I can login via the local terminal and also via SSH, but nothing else (no access to the Web frontend, no access to the files).
In the terminal, I see my shares under /mnt2/, but all shares are empty.

Let me first explain my setup:
I am using a Dell T20 Server; it contains one SSD (which is sdc, it contains the Rockstor system) and two 8TB HDs(sda and sdb). The SSD is attached to ata3, where the two HDs are connected to ata1 and ata2.

in the logfile I can see:

  ....
    ata1: SATA link up 6.0 Gbps (SStatus 133 SControl 300)
    ata2: SATA link up 6.0 Gbps (SStatus 133 SControl 300)
    ata3: SATA link up 3.0 Gbps (SStatus 123 SControl 300)
    ata3.00: ATA-8: SATA SSD, S5FAM030, max UDMA/100
    ata3.00: 250069680 sectors, multi 16: LBA48 NCQ (depth 31/32), AA
    ata1.00: ATA-9: ST8000AS0002-1NA17Z, AR17, max UDMA/133
    ata1.00: 15628053168 sectors, multi 16: LBA48 NCQ (depth 31/32), AA
    ata2.00: ATA-9: ST8000AS0002-1NA17Z, AR17, max UDMA/133
    ata2.00: 15628053168 sectors, multi 0: LBA48 NCQ (depth 31/32), AA
    ata3.00: configured for UDMA/100
    ata1.00: configured for UDMA/133
    ata2.00: configured for UDMA/133
    ...

so, it detects all my disks.

a few lines later:
> Btrfs loaded, crc32c=crc32c-intel
> BTRFS: device label Server1 devid 1 transid 2204 /dev/sdc2
> BTRFS info (device sdc2): disk space caching is enabled
> BTRFS info (device sdc2): has skinny extents
> BTRFS info (device sdc2): detected SSD devices, enabling SSD mode
but here it talks only about sdc2, not about the other disks and partitions.

Also there is:

Device: /dev/sda, type changed from 'scsi' to 'sat'
Device: /dev/sda [SAT], opened
Device: /dev/sda [SAT], ST8000AS0002-1NA17Z, S/N:Z840WD96, WWN:5-000c50-0936b3be2, FW:AR17, 8.00 TB
Device: /dev/sda [SAT], not found in smartd database.
same for sdb (and sdc)

Then there are some error messages:

server dracut: dracut-
server dracut: Executing: /usr/sbin/dracut --hostonly --hostonly-cmdline --hostonly-i18n -o "plymouth dash resume ifcfg" -f /boot/initramfs-4.8.7-1.el7.elrepo.x86_64kdump.img 4.8.7-1.el7.elrepo.x86_64
server initrock: Traceback (most recent call last):
server initrock: File "/opt/rockstor/bin/initrock", line 45, in <module>
server initrock: sys.exit(scripts.initrock.main())
server initrock: File "/opt/rockstor/src/rockstor/scripts/initrock.py", line 411, in main
server initrock: '--database=%s' % db, app])
server initrock: File "/opt/rockstor/src/rockstor/system/osi.py", line 114, in run_command
server initrock: raise CommandException(cmd, out, err, rc)
server initrock: system.exceptions.CommandException: Error running a command. cmd = /opt/rockstor/bin/django migrate --list --database=default storageadmin. rc = 1. stdout = ['']. stderr = ['Traceback (most r$
server initrock: grations/loader.py", line 47, in __init__', '    self.build_graph()', '  File "/opt/rockstor/eggs/Django-1.8.16-py2.7.egg/django/db/migrations/loader.py", line 191, in build_graph', '    self$
server initrock: nections on Unix domain socket "/var/run/postgresql/.s.PGSQL.5432"?', '', '']
server systemd: rockstor-pre.service: main process exited, code=exited, status=1/FAILURE
server systemd: Failed to start Tasks required prior to starting Rockstor.

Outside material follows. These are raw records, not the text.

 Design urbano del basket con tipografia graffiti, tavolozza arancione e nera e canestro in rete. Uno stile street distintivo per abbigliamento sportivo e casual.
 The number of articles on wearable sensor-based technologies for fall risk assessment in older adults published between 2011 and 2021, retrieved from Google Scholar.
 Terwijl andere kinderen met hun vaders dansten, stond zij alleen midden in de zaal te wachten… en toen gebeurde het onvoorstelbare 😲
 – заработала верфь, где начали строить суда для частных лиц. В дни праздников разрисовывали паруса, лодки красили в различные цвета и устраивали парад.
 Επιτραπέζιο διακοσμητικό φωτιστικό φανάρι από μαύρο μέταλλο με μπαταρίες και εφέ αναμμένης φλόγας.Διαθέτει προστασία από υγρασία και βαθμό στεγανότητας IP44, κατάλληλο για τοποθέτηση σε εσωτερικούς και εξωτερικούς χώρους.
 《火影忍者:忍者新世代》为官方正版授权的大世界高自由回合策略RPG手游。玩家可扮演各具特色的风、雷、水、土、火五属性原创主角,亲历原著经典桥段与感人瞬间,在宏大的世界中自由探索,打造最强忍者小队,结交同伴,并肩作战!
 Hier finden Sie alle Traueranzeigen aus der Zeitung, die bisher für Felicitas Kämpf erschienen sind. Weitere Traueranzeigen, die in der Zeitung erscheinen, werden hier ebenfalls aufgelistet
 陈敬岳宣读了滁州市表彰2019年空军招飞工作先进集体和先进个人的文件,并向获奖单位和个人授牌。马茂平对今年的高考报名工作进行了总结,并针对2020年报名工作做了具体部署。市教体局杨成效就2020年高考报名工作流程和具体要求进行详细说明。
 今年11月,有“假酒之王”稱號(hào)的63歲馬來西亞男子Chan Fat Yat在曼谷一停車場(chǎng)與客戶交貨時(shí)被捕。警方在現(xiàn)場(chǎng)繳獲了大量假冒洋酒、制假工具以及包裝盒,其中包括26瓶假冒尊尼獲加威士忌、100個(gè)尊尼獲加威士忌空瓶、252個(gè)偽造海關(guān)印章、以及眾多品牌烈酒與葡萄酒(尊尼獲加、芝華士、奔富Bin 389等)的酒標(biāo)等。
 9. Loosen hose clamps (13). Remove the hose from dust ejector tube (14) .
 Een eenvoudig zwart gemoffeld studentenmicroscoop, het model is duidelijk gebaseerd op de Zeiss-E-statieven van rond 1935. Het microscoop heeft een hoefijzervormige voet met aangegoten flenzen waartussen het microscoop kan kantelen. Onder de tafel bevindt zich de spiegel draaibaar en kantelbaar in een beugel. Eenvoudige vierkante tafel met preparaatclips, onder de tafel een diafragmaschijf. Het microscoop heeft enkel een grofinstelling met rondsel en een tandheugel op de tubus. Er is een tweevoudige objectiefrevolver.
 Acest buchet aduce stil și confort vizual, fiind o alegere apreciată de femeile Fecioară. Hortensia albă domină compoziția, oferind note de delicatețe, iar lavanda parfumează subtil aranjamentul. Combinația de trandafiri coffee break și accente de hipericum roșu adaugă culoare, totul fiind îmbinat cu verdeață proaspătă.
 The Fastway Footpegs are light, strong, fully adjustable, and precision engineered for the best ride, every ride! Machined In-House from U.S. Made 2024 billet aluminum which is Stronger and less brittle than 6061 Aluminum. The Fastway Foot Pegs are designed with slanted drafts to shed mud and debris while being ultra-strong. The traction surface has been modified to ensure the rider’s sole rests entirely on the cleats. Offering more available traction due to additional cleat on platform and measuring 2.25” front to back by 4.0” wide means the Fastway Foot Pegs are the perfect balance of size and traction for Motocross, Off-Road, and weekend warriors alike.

as said above, I do not know, what steps Rockstor SHOULD do during startup, so I cannot decide what is going wrong.

Anybody having an idea, where I should look at?

Thanks,
Joe

phillxnet · July 12, 2017, 4:12pm

@JoeMacFox A belated welcome to the Rockstor community.

From the looks of your log entry excerpts it all seems OK bar the Rockstor db migration, which seems to have failed.

So I’d guess that an update has taken place and the associated db migration (initialted from the initrock script is now failing and it’s called form the systemd service rockstor-pre.service).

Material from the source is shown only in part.